Homily for the Twenty-fifth Sunday of Ordinary Time

September 19, 2021
St. Patrick Cathedral
Fort Worth, Texas

Wisdom 2:12, 17-20
Psalm 54: 3-4, 5, 6, 8
James 3:16-4:3
Mark 9:30-37

The reading from the Book of Wisdom today lets us hear the thoughts of the wicked. They devise ways to attack and persecute the just person for opposing them and bringing to light their wickedness; so, they torture and condemn the just to see if God will protect them. “Let us beset the just one, because he is obnoxious to us; he sets himself against our doings, reproaches us for transgressions of the law and charges us with violations of our training. Let us see whether his words be true; let us find out what will happen to him.” The just one is a cause for their own insecurity and fear and they resent him as an adversary.

That the just are protected and blessed by God is a central belief of the Jewish people, but Jesus seems not to align with that since He is the truly just person who is delivered into the hands of the wicked and put to death. The Gospel reading for today is the second time that Jesus predicts this will happen to Him as recorded in the Gospel of Saint Mark. The disciples who believe that Jesus is the Messiah cannot understand how God will let this happen to Him.

Their lack of understanding is illustrated in what they are discussing. They are arguing about who is most important among them. At least they know enough to be embarrassed when Jesus asks about their conversation. It is a natural human tendency to want to be seen and recognized, to be praised and honored, but things don’t work in the normal way for Jesus’ followers. In a kind and gentle way, Jesus calls attention to their misunderstanding.

Jesus reminds them that greatness in His Kingdom is the opposite of greatness in the world. Being great means being the servant of the needs of others whom we should regard as more important than ourselves. This teaching on the true nature of greatness follows upon Jesus’ second prediction of His passion and death. Then to emphasize that lesson, He calls a child to join them. In the ancient world, children were treated as possessions, and they possessed no rights except those that were granted them by having status in their father’s household. Since they were not fully mature, they were considered not fully human, the lowest level of the human community. They are examples of the lowliest and least, the needy and rejected whom we must serve to be great in Jesus’ Kingdom.

It is not coincidental that in our post-Christian culture, children have returned to a status of belonging only as property or possessions that are prized only on the contingency of their mother’s choice to give birth and their father’s choice to be involved in their lives. It is essential to our Christian life and discipleship to recognize the unique status of children in Jesus’ Kingdom and our responsibility to treat them accordingly by our own words and actions and by ensuring their right to life and protection from predation.

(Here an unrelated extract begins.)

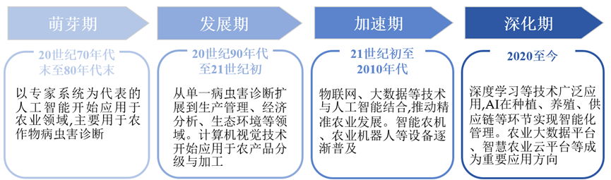 我国“AI+农业”起步较晚,2025年6月。达到提拔效率,打通财产上下逛,涵盖智能灌溉、精准施肥系统等;鞭策农业向智能化、精准化、可持续化标的目的成长。正在出产环节!加快期:21世纪初至2010年代,缩短农产物从田间到餐桌的时间。帮帮农户优化出产决策。

Serving others, especially the vulnerable and weak, is the key to authentic greatness for our status in the Kingdom of Jesus. Saint James in our second reading identifies that what keeps us from greatness in the Kingdom is our own selfishness and fear, “You covet but do not possess. You kill and envy, but you cannot obtain; you fight and wage war. You do not possess because you do not ask. You ask but do not receive, because you ask wrongly, to spend it on your passions.” In many ways our fear and our refusal to ask for God’s grace to be taught and to do things God’s way are our occasions to sin. Therefore, a child is the example of docility that Christ sets before us for discipleship and the example of Him whom we serve.

Letting go of fear and of ambition for possessions, power and recognition, and desires that feed our self-importance is our first step toward a place in Christ’s Kingdom. True greatness is given when we recognize that our lives have never been our own but belong to Christ present in the vulnerable who need us. When we let go of these fears and ambitions, we can pray with the authentically great and just the words of today’s responsorial psalm, “The Lord upholds my life.”